Perhaps this simple simulation will convince you. Here I've got 5 batches with 2 samples in each batch. For est1, I estimate the variance directly from the linear model. In contrast, for est2, I estimate the variance of the residuals.

est1 <- est2 <- list()
for (it in 1:1000){
    y <- rnorm(10) # True variance of 1
    batch <- factor(rep(1:5, each=2))
    fit <- lm(y~batch)
    est1[[it]] <- summary(fit)$sigma^2
    est2[[it]] <- var(residuals(fit))
}
mean(unlist(est1)) # gives me something close to 1
mean(unlist(est2)) # gives me something close to 0.55

So you can see that the latter approach will systematically underestimate the true variance.

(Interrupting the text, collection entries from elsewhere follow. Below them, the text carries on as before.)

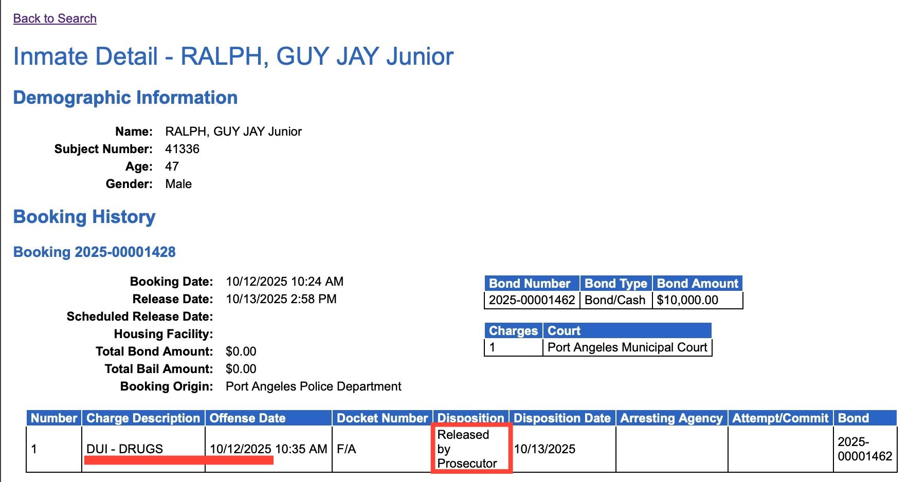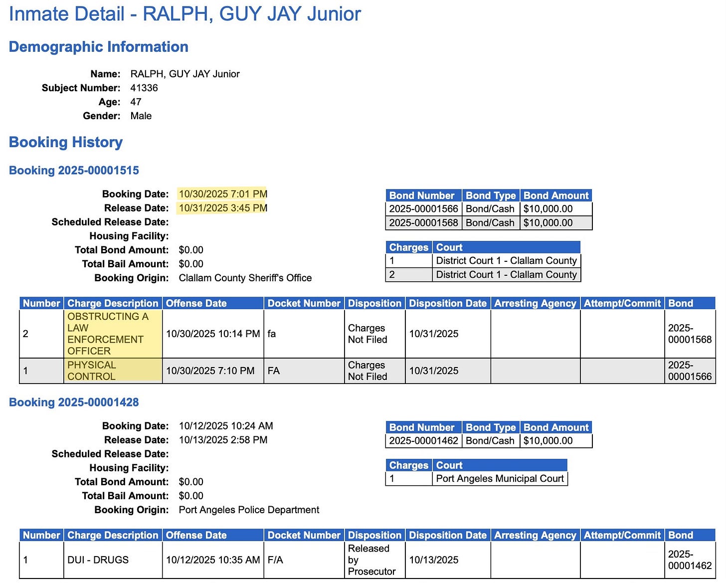 Also this week, Guy Jay Ralph Jr. — a convicted sex offender with a long record in Oregon and Washington — was again arrested in Port Angeles.
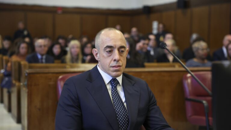 Emil Bove, then President Trump’s attorney, looks on as Trump appears remotely for a sentencing hearing in Manhattan Criminal Court on Jan. 10, 2025, in New York City, after being found guilty of falsifying business records. Jeenah Moon-Pool/Getty Images hide…
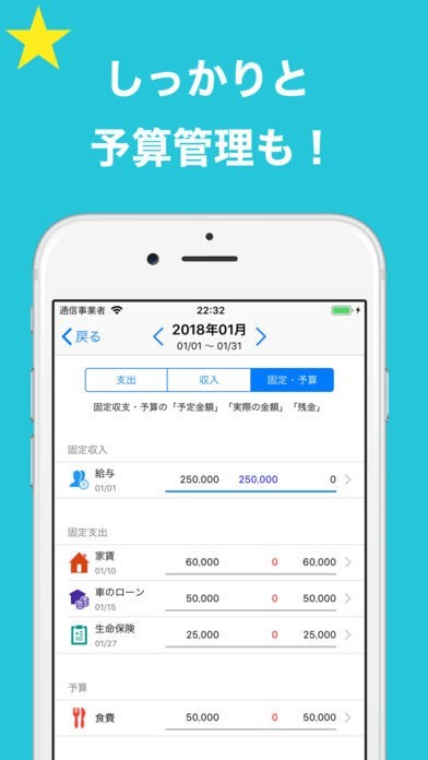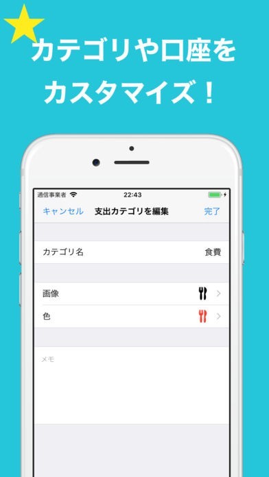 食費や娯楽等の様々なカテゴリーが用意されていて、項目別に予算を設定する事が可能です。そのため、節約したい時や無駄遣いを無くしたい時に重宝するでしょう。集計金額や残金の表示にも対応していますよ。
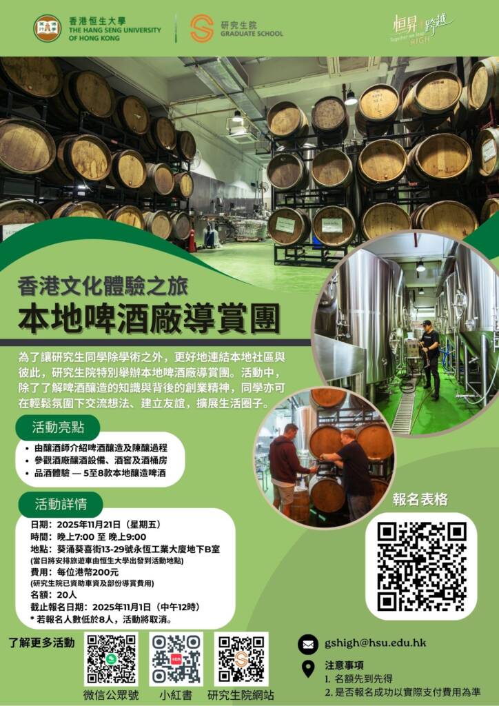 活动预告 活动预告活动回顾 活动预告活动回顾 CTL x GS Workshop Series on "Structural Equation Modeling" Postgraduate Students' Seminar Series 2025 香港文化体验之旅 — 本地啤酒厂导赏团 香港文化体验之旅 — 大澳渔村体验 「香港文化体验团」 – 道风游 CAN! tonese.「粤」难「粤」爱生活广东话班 内地研究生职涯发展关怀计划 -「职场讲座」及「职场广东话」 Library Orientation Programme 2025 – For Postgraduate Students International Symposium on Social Change, Wellbeing and Social Policy Studies in East Asia
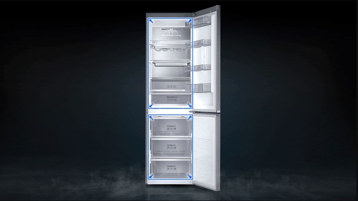 Aparatul avand debit multiplu ce functioneaza la toate nivelele, prin intermediul unor mici orificii de ventilare de pe fiecare raft, pastreaza o temperatura uniforma in tot frigiderul, in special dupa ce deschidem usa. Prin racirea simultana multipla a tuturor sectiunilor si ale tuturor compartimentelor, alimentele pot ramane proaspete mai mult timp. Aceasta combina fiind dotata cu sistemul avansat de racire Precise pastreaza prospetimea, aroma si textura alimentelor depozitate pentru mai mult timp. In acest caz zonele din combina sant racite independent si in mod egal in fiecare colt. Iar izolatia avansata din cyclopentan reduce orice fluctuatii de temperatura, indiferent de cat de cald sau de frig este afara.
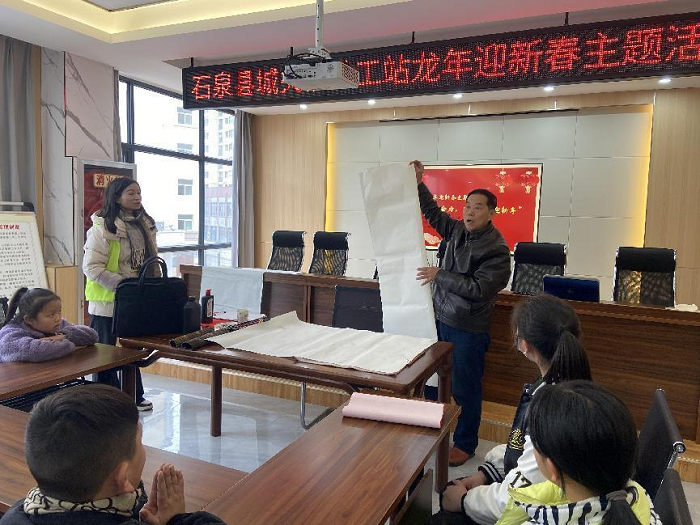 新西部網(wǎng)消息(張荔莎)福贈(zèng)春聯(lián)祈平安,奮筆揮毫迎新年。近日,在龍年新春來(lái)臨之際,安康市石泉縣城關(guān)鎮(zhèn)社工站聯(lián)合縣書(shū)法協(xié)會(huì)在長(zhǎng)安社區(qū)開(kāi)展了寫(xiě)春聯(lián)送祝福活動(dòng),旨在培養(yǎng)轄區(qū)兒童的興趣愛(ài)好,傳承中華民族的優(yōu)秀文化。

This is because it thinks that we have 9 residual degrees of freedom, whereas we only actually have 5 (one per batch in the linear model).

Now, in some cases, removing uninteresting effects beforehand is necessary if your downstream procedures can't handle them, e.g., when making heatmaps, PCA plots. This is probably okay, as underestimation of the variance isn't a big deal for visualization. However, if you want to do hypothesis testing, you need to be more quantitative, and that includes accounting for estimation uncertainty for the uninteresting coefficients. See ?removeBatchEffect for similar sentiments.